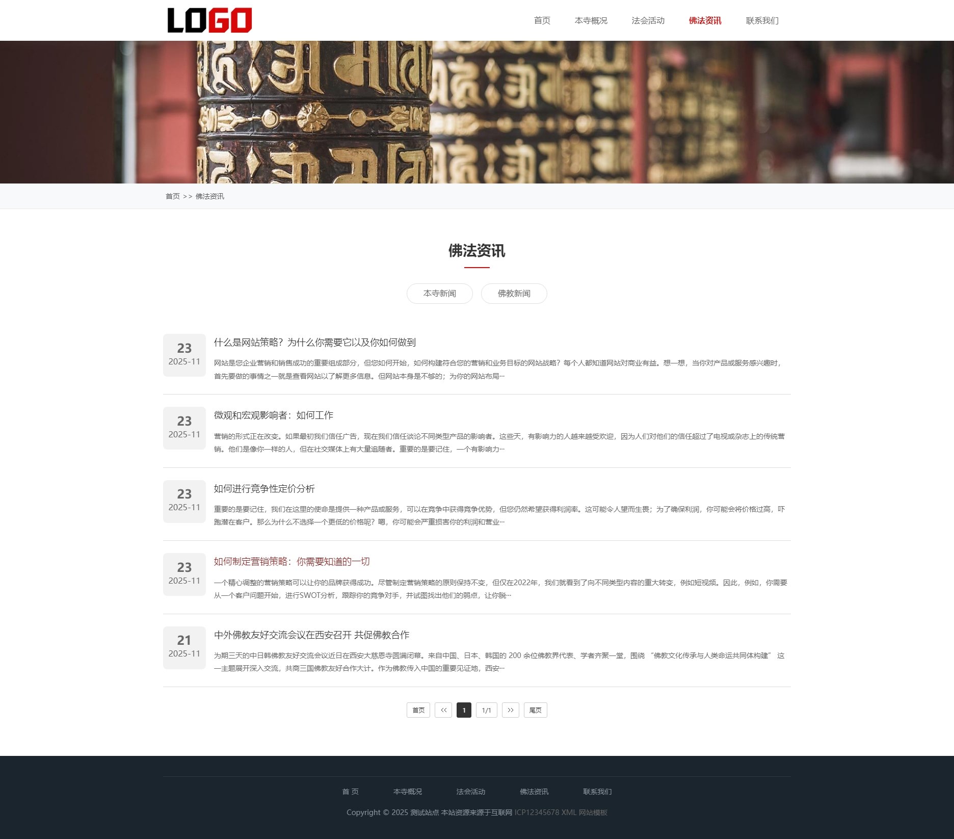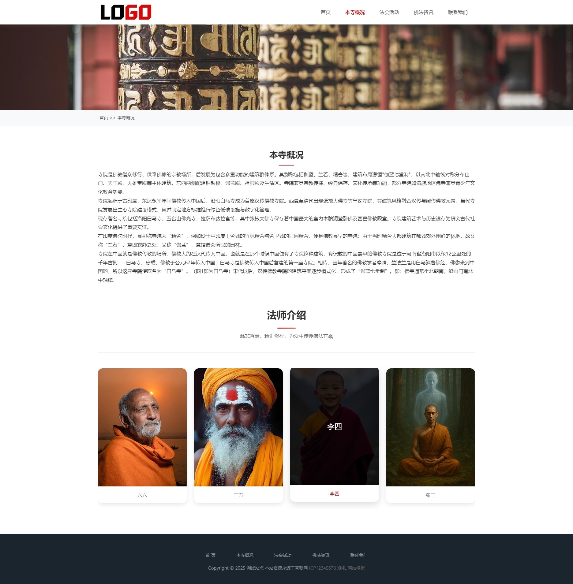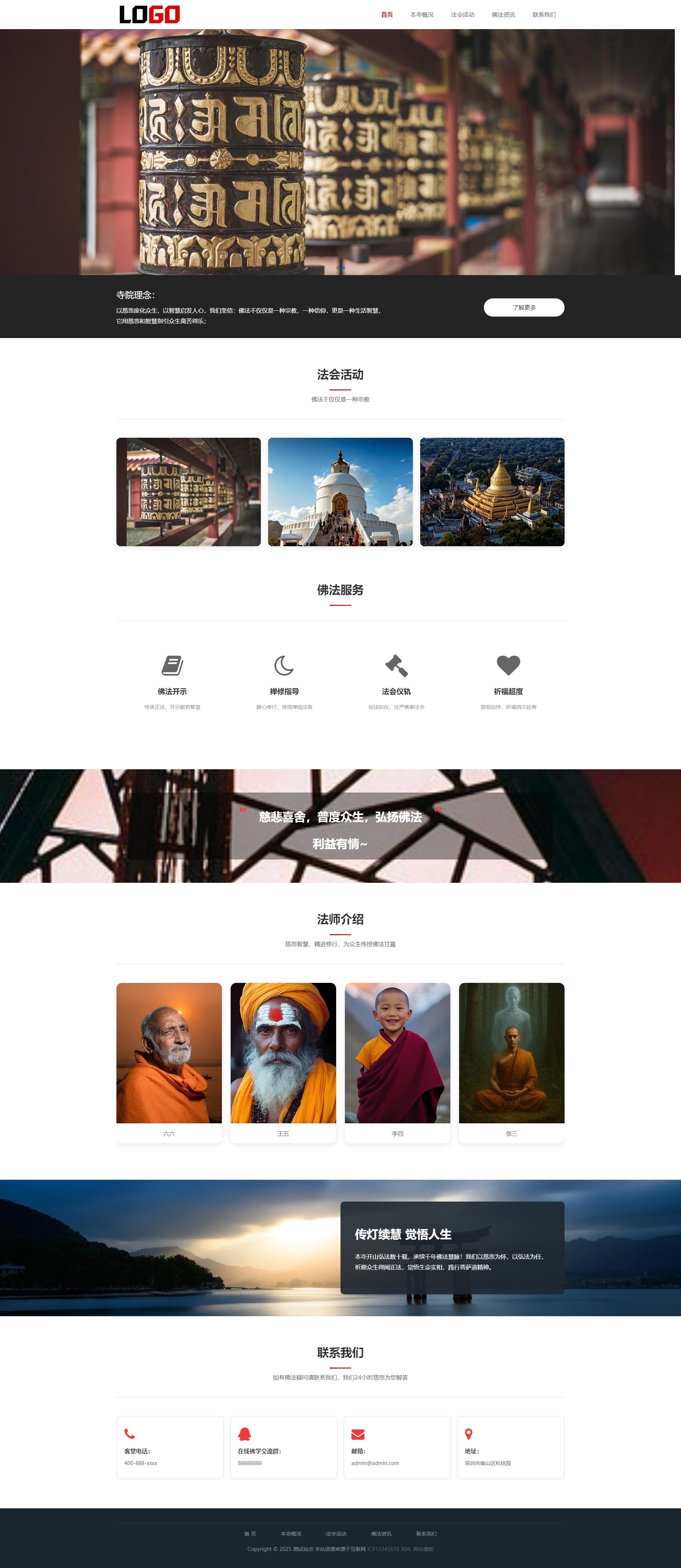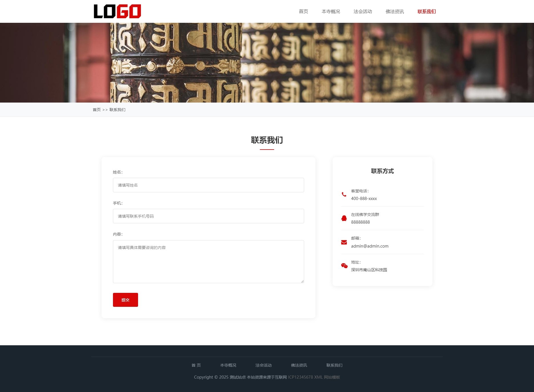 佛法寺庙佛教宣传响应式免费网站模板,大气实用,这是一款佛法寺庙佛教宣传、宗教信仰宣传展示类通用的整站网站模板。网站源码基于PbootCMS,采用响应式自适应设计,后台可一键同步数据,管理人员只需要将源代码上传到空间或者服务器上即可使用。该模板通用性设计使其可以轻松适应其他行业,只需更换相应的文字和图片即可。安装包内提供完整的安装教程和测试数据,用户可以方便地进行本地测试和部署,修改和部署上线都很方便。
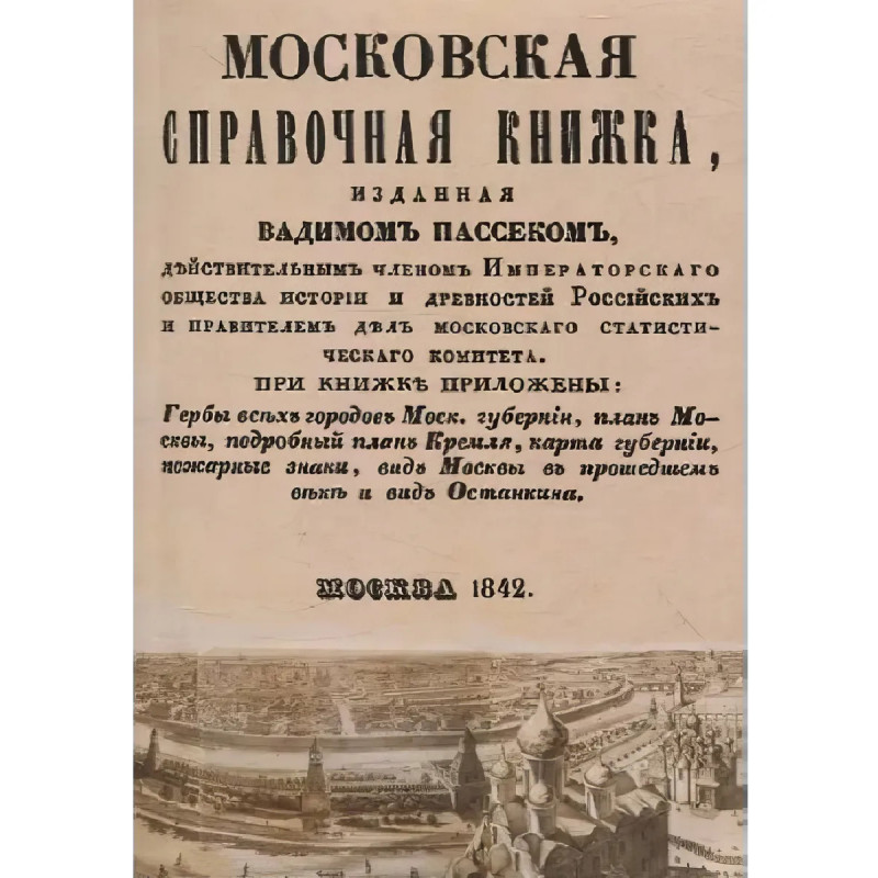 Московская справочная книжка, изданная Вадимом Пассеком, действительным членом Общества истории и древностей российских и правителем дел Московского статистического комитета. С цветными планами Столичного города Москвы и планом Московского Кремля.
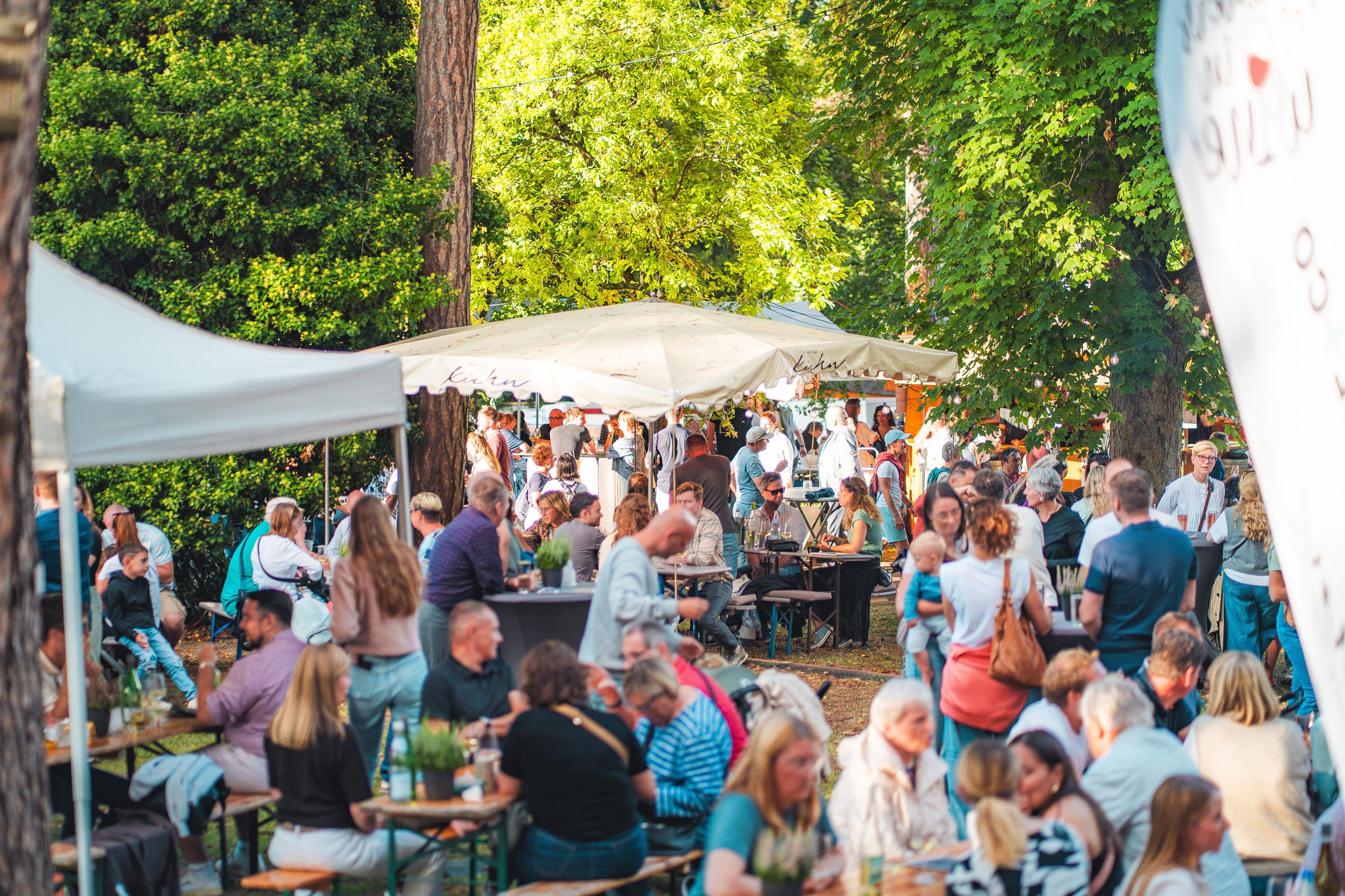 Ende August und Anfang September wird der Mainzer Stadtpark traditionell zur ersten Anlaufstelle für alle Weinfreunde in Rheinhessen und darüber hinaus. Denn an diesen Wochenenden bildet die großzügige Grünanlage mit Rosengarten die romantische Kulisse für das größte Mainzer Weinfest. Etwa 100 Aussteller:innen begrüßen die rund 300.000 Besucherinnen und Besucher in der rheinland-pfälzischen Landeshauptstadt.

• [Problem description]:
Output the listing above in full and exactly, with pictures excluded.

• [Answer to this task]:
 佛法寺庙佛教宣传响应式免费网站模板,大气实用,这是一款佛法寺庙佛教宣传、宗教信仰宣传展示类通用的整站网站模板。网站源码基于PbootCMS,采用响应式自适应设计,后台可一键同步数据,管理人员只需要将源代码上传到空间或者服务器上即可使用。该模板通用性设计使其可以轻松适应其他行业,只需更换相应的文字和图片即可。安装包内提供完整的安装教程和测试数据,用户可以方便地进行本地测试和部署,修改和部署上线都很方便。
 Московская справочная книжка, изданная Вадимом Пассеком, действительным членом Общества истории и древностей российских и правителем дел Московского статистического комитета. С цветными планами Столичного города Москвы и планом Московского Кремля.
 Ende August und Anfang September wird der Mainzer Stadtpark traditionell zur ersten Anlaufstelle für alle Weinfreunde in Rheinhessen und darüber hinaus. Denn an diesen Wochenenden bildet die großzügige Grünanlage mit Rosengarten die romantische Kulisse für das größte Mainzer Weinfest. Etwa 100 Aussteller:innen begrüßen die rund 300.000 Besucherinnen und Besucher in der rheinland-pfälzischen Landeshauptstadt.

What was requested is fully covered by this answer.